いや、授業はきちんと受けるし、ちゃんと理解しようとは思ってるけどね。
「はーい。それじゃあ授業始めるよー」
「あれ?大和さん?三浦先生は?」
「はぁーい鈴香ちゃん♪二限目の英語はアタシが担当するから、あっちで疲れたって燃え尽きてた三浦さんは来ないよー」
あ、そうなんだ。ふーん。
「なぁに?三浦さんじゃなくてガッカリした?ウチでごめんねぇ?」
「ちっ、ちがっ!そんなんじゃないからっ!」
「ふふふっ、大丈夫大丈夫。そのふりふり嬉しそうに揺れてる尻尾を見れば、鈴香ちゃんがそんな事思ってないのは一目瞭然だから」
「へ?わっ!みっ、みないでー!」
三浦先生が僕の為に頑張ってくれたんだという嬉しさで揺れていた尻尾を指摘され、ふふふと微笑ましげに笑う大和さんを前に僕はそう言いながら慌てて尻尾を抱き抱える。
「さて、それじゃあ授業をはじめよっか!んじゃまずは────」
ーーーーーーーーーー
「ふぅ……」
こう、部屋が学校風なのに飲んでる物がいちごミルクな所に違和感があるけど、美味しいからヨシ!
「いやぁーでも、大和さんの授業はやりたい事がこっちにも明確に分かって助かるや」
とりあえずテストテストテストーだったけど、そのお陰で次の授業はどこをやるかとか明確に決まったみたいだしね。
「ん?まだくつろぎ中だったみたいだな。もう少し待とうか?」
「あ、柊さん。大丈夫ですよ!丁度飲み終わりましたし!」
ぺこっといちごミルクの紙パックを潰し、入ってきた柊さんにそう慌てて返事をした僕はそう言いながら、柊さんが手にもつ数学の教科書を見つける。
「柊さんは数学なんですか?」
「そうだ。これでも日医会の財務管理者を任されているからな」
「えっ?!」
柊さんってそんな凄い人だったの!?
「そんなに尻尾をピンと貼って警戒しないでおくれ。
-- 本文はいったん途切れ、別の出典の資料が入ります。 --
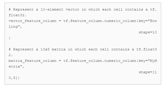 图 3.特征列函数可以归入两个主要类别和一个混合类别 我们来详细看一下这些函数。 数值列 鸢尾花分类器为所有输入特征调用了 tf.numeric_column():SepalLength、SepalWidth、PetalLength、PetalWidth。尽管 tf.numeric_column() 提供了可选参数,调用不含任何参数的函数仍是指定具有默认数据类型 (tf.float32) 的数字值作为模型输入的一种极简单方式。例如:

そんな役職に着いてはいても、いつもは平社員として過ごさせてもらってるんだからな」
「な、なるほど……」
普通の人なら「どーだ!すごいだろー!」みたいに振る舞うんだろうけど、そんな事しないのがこの柊さんがかっこいい所なんだろうな。
「よし、それじゃあ授業を始めるぞ。俺はとりあえず他の奴らと違って基礎から教えていくからな」
「はーい」
ーーーーーーーーーー
くきゅるるる……
「あっ」
「あら、今のは……」
「えへへ、ごめんなさい。お腹空いちゃって……」
4限目、今度は国語の授業を趣味で俳句なんかを嗜んでるらしい花桜さんに教えて貰っていた僕のお腹から、そんな気の抜ける音が部屋に鳴り響く。
「ふふっ、いいのよー。えっとそれじゃあ、丁度キリのいい所だし、少し早いけどお昼ご飯にしちゃいましょ。どうせ後10分なんだし」
「わーいやったー!」
おっひるっごはーん♪今日は何を作ろうかなーって、この匂いは?
「お昼までお勉強したのに、自分でお料理するのも大変でしょう?だから代わりに、私が作って来ましたよー♪」
まじかっ!助かるー!
「ふふっ♪尻尾振っちゃって可愛いわぁ。さ、一緒に食べましょ」
「はーい!」
ーーーーーーーーーー
「ふしゅー……」
つ、疲れたぁ……
「ふふふっ、鈴ちゃんお疲れだねぇ」
あの後、陣内さんによる語呂合わせ日本史、教える側の島内さんと一緒に勉強した情報などの授業を済ませた僕は、翼や尻尾をだらりとさせベッドに顔を埋めさせていた。
「でも良かったんじゃなーい?最近の鈴ちゃん少しだらけて来てたし、三浦さんの気まぐれだけど少しはきちっとした生活になるんだから」
「!」
なるほど、だから三浦先生はあんなこと言ってでも僕を……
「なら、頑張らないとだ」
「お、やる気だねぇ鈴ちゃん。頑張るんだよ?」
「うん!」
こうして僕のほぼ毎日の日課に、お勉強が追加されたのであった。